Hit the east jetty in the late morning to see what I could get into. It was pretty slow the first 45 minutes or so then the bonito moved in. Chucked a 1/2oz rattle trap out a few times and fish on. Never caught a bobo before and man it was fun, it made about 6 runs and took me 10 minutes to get it in the yak.


----------



## Tres (May 8, 2010)

Nice. Looks like you had some good fishing conditions today. 

I finally made myself one of those crates the other day; love that handle!


----------



## oxbeast1210 (Jun 21, 2010)

Nice !! 
did you get your new seat?


----------



## oxbeast1210 (Jun 21, 2010)

How long does it take to get to the jetties wife wants to try somewhere different.


----------



## tmv1976 (Nov 19, 2011)

Tres the conditions were perfect, I find myself saying that a lot but it's true. 

Oscar- The Destin bridge is about 3 minutes away from the put in point and depending on the currents and wind it takes anywhere from 10-25 minutes to the jetty, so you could hit both of them no problem. That was only the second time that I went to that area, the first time there were 3-4 ft swells, 8mph wind and big boats coming in the pass which made it not very fun, I left after about 10 minutes. 

Today was my first time out with the new seat and it is comfortable, none of the wiggling around after 4 hours like normal. I need to make a few adjustments and I think it will be even better.


----------



## oxbeast1210 (Jun 21, 2010)

Sweet. Do you do pretty good in that area?


----------



## tmv1976 (Nov 19, 2011)

I haven't really fished the bridge but I know that guys do pretty well with the reds on a incoming or outgoing tide and today when I passed it there was a boat I saw yank up two sheepheads. 

I think the jetty area is pretty productive from talking to people at the bait shop but only my second time there so not sure. I will say the first time I went out the 10 minutes I was there I saw tons of bait fish, birds diving and bonitos. I'm sure there are others here who know the area pretty good. 

I am planning on going out there a lot more though after today's trip.


----------



## Night Wing (May 16, 2011)

Nice photo. Thanks for the tip on the 1/2 ounce rattle trap you were using.


----------



## tmv1976 (Nov 19, 2011)

Night Wing said:


> Nice photo. Thanks for the tip on the 1/2 ounce rattle trap you were using.


No problem. Not positive but the guys next to me who caught one looked like they were using a yo-zuri crystal minnow or something very similar.


----------



## BlackJeep (Jun 13, 2010)

tmv1976 said:


> Hit the east jetty in the late morning to see what I could get into. It was pretty slow the first 45 minutes or so then the bonito moved in. Chucked a 1/2oz rattle trap out a few times and fish on. Never caught a bobo before and man it was fun, it made about 6 runs and took me 10 minutes to get it in the yak.

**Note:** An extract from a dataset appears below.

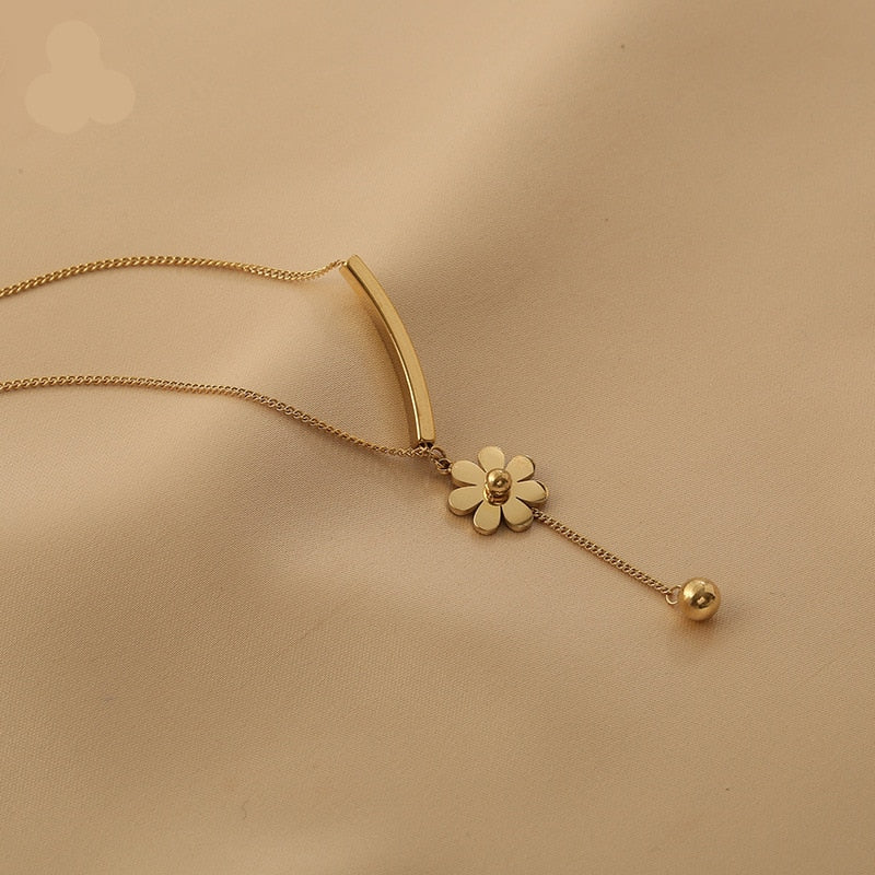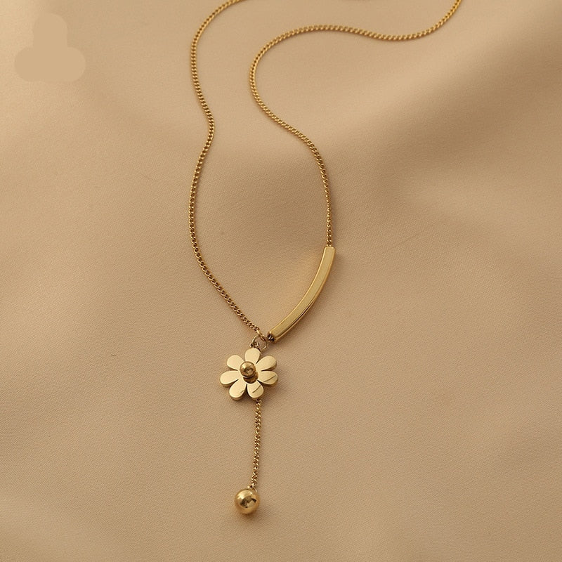 Joyería de oro 585 - 316 acero inoxidable. Exquisito collar para mujer. Collar de margaritas con borlas y temperamento de viento frío. Cadena de clavícula. Joyería para mujer.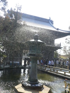山門を入るとすぐ左に手水鉢がありその後に鐘楼がある。

Nice. Bobos can be fun. We caught several 30 inchers last year off of Destin.


----------



## aboutscubasteve (May 13, 2011)

We liked playing with them this past summer off of OB. Used a McD straw rig- I keep tackle for them in my saltwater kit for Spanish Macs. We tore them up. Nice way to keep the kids interested in fishing. They'd have caught them all day long...


----------



## navkingfisher (May 14, 2009)

Destin is fun, you can go north around the C.G. station to some terrific grass and flats with adjoining deep water. Good stand up pompano fishing,trout,flounder and slot reds. The east side of east jetty can hold pompano in the spring. Sometimes the sharks are thick.Outside end/edge of west jetty hoss reds. Good thing is when the wind is kickin from east or west you have protected water. Crab island is entertaining in the summer!


----------



## navkingfisher (May 14, 2009)

*Destin*

Put in at the western base of bridge, turn left towards the C.G. station for terrific grass and flats w/ adjoining deep water. You have to stay out of the roped out area to the C.G. station but you can still cast all the way to their jetty. Turn south and head for the pass, only 1/2 mile,end of west jetty has some Bulls off the tip,eastern side of east jetty w/ hold pompano in spring but sometimes is loaded w/ sharks. I"ve seen alot of mangrove snapper snorkling the jetties. Probably not good to go during peak or max tide flow due to intense current. Pomps and flounder love the pass and lots of stuff around the bridge.


----------



## tmv1976 (Nov 19, 2011)

Navking thanks for the tips on the jetties and outside of the pass. I hit the flats a lot the end of summer and fall but don't know much of the other areas you talked about.


----------



## Foulhook (Apr 26, 2010)

The Destin pass can be VERY congested during anytime except the winter months with BIG charter boats traveling through at full tilt- and the big wakes that go along. The current through there is also a serious concern for yakkers. Just saying from past experience that you would want to avoid the jetty area during the morning run out of the charter boats and then be aware of their return in the afternoon.


----------